Task to complete: Pictures excluded, please retype exactly the lines from the start of the data through the line that contains "(4)轻触并按住一张您想要移至回收站的照片,然后选择另一张要移至回收站的照片。", both ends kept, and nothing beyond them.

───── Given information

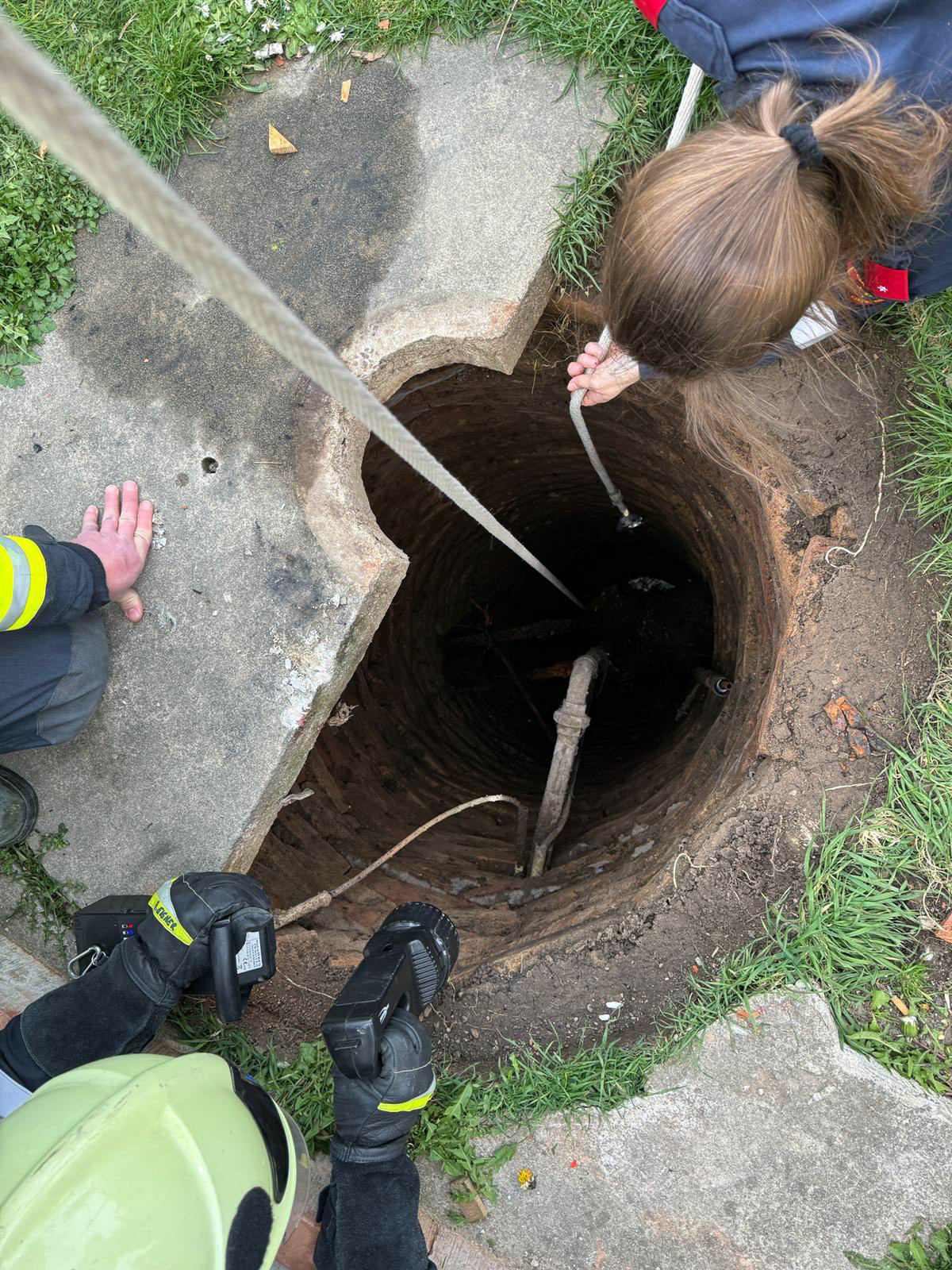Beim Eintreffen vor Ort nahmen die Einsatzkräfte sofort Kontakt mit dem verletzten Kind auf, das sich in einem 6-7 Meter tiefen, zum Glück trockenen Brunnen befand, und versuchten, den tapferen Jungen zu beruhigen
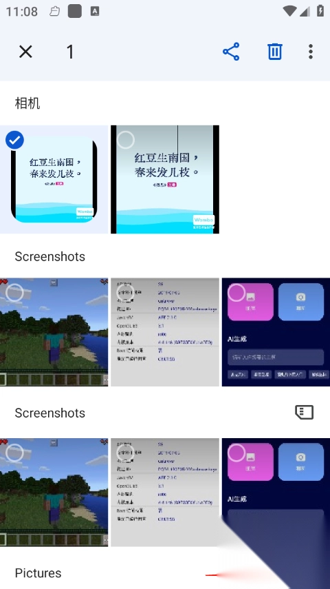 (4)轻触并按住一张您想要移至回收站的照片,然后选择另一张要移至回收站的照片。
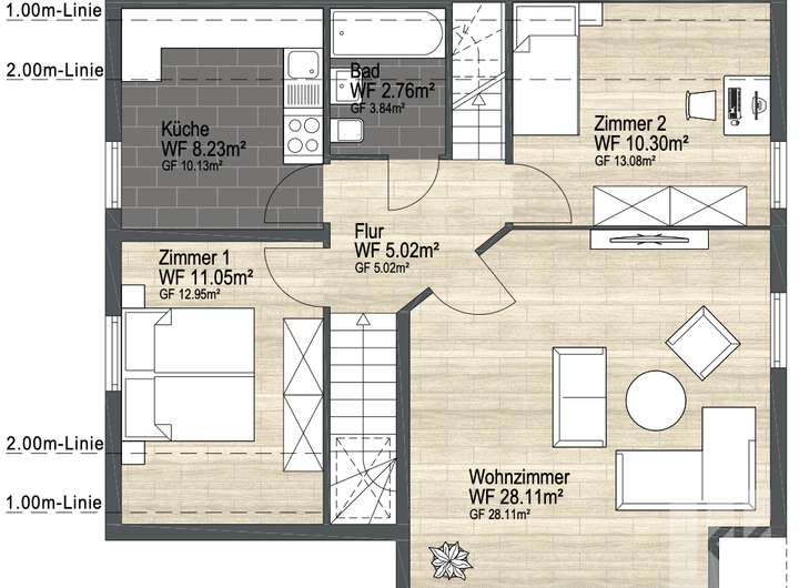 Im Obergeschoss eröffnet sich eine zweite Wohnebene mit vielseitigen Nutzungsmöglichkeiten. Neben einem weiteren Wohnzimmer mit heller, offener Atmosphäre und galerieartiger Fensterfront stehen Ihnen hier eine zusätzliche Küche, zwei flexibel nutzbare Schlafzimmer sowie ein weiteres Badezimmer mit Badewanne und Dusche zur Verfügung. Diese Etage eignet sich besonders gut für größere Familien oder individuelle Wohnlösungen, beispielsweise für Mehrgenerationenwohnen.

──────────

Task solution:
Beim Eintreffen vor Ort nahmen die Einsatzkräfte sofort Kontakt mit dem verletzten Kind auf, das sich in einem 6-7 Meter tiefen, zum Glück trockenen Brunnen befand, und versuchten, den tapferen Jungen zu beruhigen
 (4)轻触并按住一张您想要移至回收站的照片,然后选择另一张要移至回收站的照片。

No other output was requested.